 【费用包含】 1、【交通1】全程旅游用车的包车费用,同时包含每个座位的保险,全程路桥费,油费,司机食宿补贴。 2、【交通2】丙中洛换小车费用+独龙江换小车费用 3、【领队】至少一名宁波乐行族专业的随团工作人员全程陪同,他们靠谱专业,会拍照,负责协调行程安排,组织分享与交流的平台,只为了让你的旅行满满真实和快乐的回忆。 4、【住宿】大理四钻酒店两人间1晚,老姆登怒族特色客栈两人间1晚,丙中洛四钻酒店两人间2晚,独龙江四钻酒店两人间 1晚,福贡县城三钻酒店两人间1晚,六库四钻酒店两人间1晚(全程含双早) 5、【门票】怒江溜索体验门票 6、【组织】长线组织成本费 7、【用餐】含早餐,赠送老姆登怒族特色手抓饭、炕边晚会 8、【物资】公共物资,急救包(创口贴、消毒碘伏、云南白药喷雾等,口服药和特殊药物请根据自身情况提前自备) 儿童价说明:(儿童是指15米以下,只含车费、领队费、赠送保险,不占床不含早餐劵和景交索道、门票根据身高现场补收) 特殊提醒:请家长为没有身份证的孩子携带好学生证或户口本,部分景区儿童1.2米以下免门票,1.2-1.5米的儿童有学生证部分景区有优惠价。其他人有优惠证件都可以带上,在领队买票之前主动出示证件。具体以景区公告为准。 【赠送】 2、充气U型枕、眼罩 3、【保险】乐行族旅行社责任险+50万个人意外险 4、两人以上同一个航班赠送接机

================

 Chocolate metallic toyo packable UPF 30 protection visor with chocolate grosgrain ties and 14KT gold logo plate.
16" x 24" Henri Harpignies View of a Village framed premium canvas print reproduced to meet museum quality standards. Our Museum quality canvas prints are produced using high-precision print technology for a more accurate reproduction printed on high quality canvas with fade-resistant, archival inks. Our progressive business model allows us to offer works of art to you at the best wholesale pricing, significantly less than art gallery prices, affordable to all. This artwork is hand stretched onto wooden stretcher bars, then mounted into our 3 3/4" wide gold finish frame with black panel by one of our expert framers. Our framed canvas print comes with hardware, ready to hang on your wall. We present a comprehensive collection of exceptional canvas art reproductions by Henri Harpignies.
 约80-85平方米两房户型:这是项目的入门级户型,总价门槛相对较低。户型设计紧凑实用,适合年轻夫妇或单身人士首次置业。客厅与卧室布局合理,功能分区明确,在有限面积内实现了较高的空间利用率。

================

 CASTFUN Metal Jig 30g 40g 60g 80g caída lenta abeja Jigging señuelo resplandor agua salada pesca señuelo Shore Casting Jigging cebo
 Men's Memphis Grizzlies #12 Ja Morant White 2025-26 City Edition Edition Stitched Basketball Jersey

================

■ Directions for this task
Could you state how many lines of the records contain "with"? Give the number and nothing else.

■ Solution for this problem
2